Hoje, temos quatro aplicações possíveis para a biópsia líquida. Em primeiro lugar, quando não há material genético tumoral armazenado em parafina ou se esse material não for de qualidade, fazemos a biópsia líquida para saber quais são as mutações e tratar o tumor conforme a mutação encontrada, com uma droga alvo-molecular ou imonoterápica, dependendo do que for encontrado.

Em segundo lugar, quando ocorre resistência ao tratamento instituído inicialmente pois a biópsia líquida permitirá um retrato atual da evolução do tumor (as chamadas mutações secundárias).

Existem outras aplicações que cada vez serão mais usadas, como avaliar prognóstico. O paciente passa pela cirurgia de retirada do tumor em fase inicial e você precisa avaliar se será necessária a quimioterapia adjuvante. Vários estudos mostram que se você faz a biópsia líquida umas três semanas depois e não encontra DNA tumoral, possivelmente não será necessário o tratamento quimioterápico, pois o prognóstico é bom.


Uma outra quarta indicação, mas ainda experimental, é a detecção precoce. Muito antes de o tumor mostrar algum sintoma e sinal ou mesmo aparecer numa tomografia ou PET-CT, o DNA tumoral já circula no sangue, mesmo numa fase muito inicial. E os estudos mostram que a biópsia líquida já consegue detectar esse DNA tumoral, o que significa diagnóstico e tratamento muito mais precoces, com chances muito melhores de cura.

Hoje, existem duas abordagens para retirada desse material genético do tumor. Na primeira e com indicação mais comum, extraímos o DNA das células tumorais para sequenciamento do DNA; e na segunda extraímos as células inteiras, chamada CTC – Biopsia para Obtenção de Células Tumorais Circulantes. Normalmente, essa segunda opção é usada para fazer a contagem de células tumorais e assim ter um prognóstico pós-operatório do tumor. Raramente as utilizamos para sequenciar seu DNA.

Mas existem desvantagens ainda em discussão sobre o uso da biópsia líquida. Uma delas é a escassez de DNA tumoral em comparação com a biópsia tradicional. Você consegue extrair cerca de 1% de DNA tumoral, o que corresponde a menos de 10 nanogramas, enquanto na biópsia com material conservado consegue-se 20% de DNA tumoral. O grande problema disso é o resultado falso-negativo. Se der negativo, você não sabe se deu negativo mesmo ou se simplesmente não há material suficiente.


Para resolver isso, é necessário usar tecnologias de altíssima sensibilidade, que conseguem estudar o DNA e genoma em amostras pequenas. Existe tanto o Sequenciamento de Nova Geração – NGS, com a chamada captura híbrida, quanto o PCR Digital em Gotas, em que somos pioneiros no uso no Brasil. Nessa tecnologia, cerca de 20 mil gotinhas de material contendo DNA são analisadas por meio de uma Reação em Cadeia de Polimerase - PCR individualmente, ampliando sobremaneira a sensibilidade e a segurança do resultado.

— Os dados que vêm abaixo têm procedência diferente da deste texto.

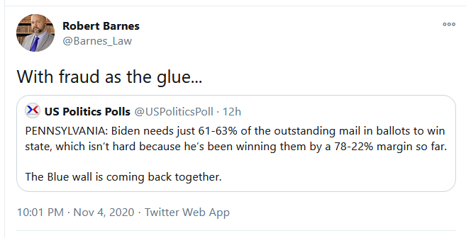 There are huge chain of custody issues in this process. Earlier, hours went by on the ballot accounting floor where there were virtually no ballots being processed at all. Then they were suddenly swarmed with ballots in the middle of the night when they were the least number of challengers on the accounting floor.
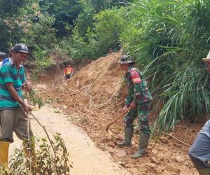 BERITAS3.com, OKU Selatan – Semangat gotong royong, Babinsa Koramil 403-11/Pulau Beringin Serda M. Mujahidin, bersama masyarakat melaksanakan gotong royong membersihkan material longsor

Então, com o avanço dos estudos, acredito que, em breve, essa tecnologia estará cada vez mais sendo utilizada para ampliar as possibilidades e chances de tratamento eficaz para os pacientes de câncer. Estamos avançando, sim. E essa é apenas uma das tecnologias que estão em desenvolvimento.

 

*André Murad é oncologista, pós-doutor em genética, professor da UFMG e pesquisador. É diretor-executivo na clínica integrada Personal Oncologia de Precisão e Personalizada. Exerce a especialidade há 30 anos, e é um estudioso do câncer, de suas causas (carcinogênese), dos fatores genéticos ligados à sua incidência e das medidas para preveni-lo e diagnosticá-lo precocemente.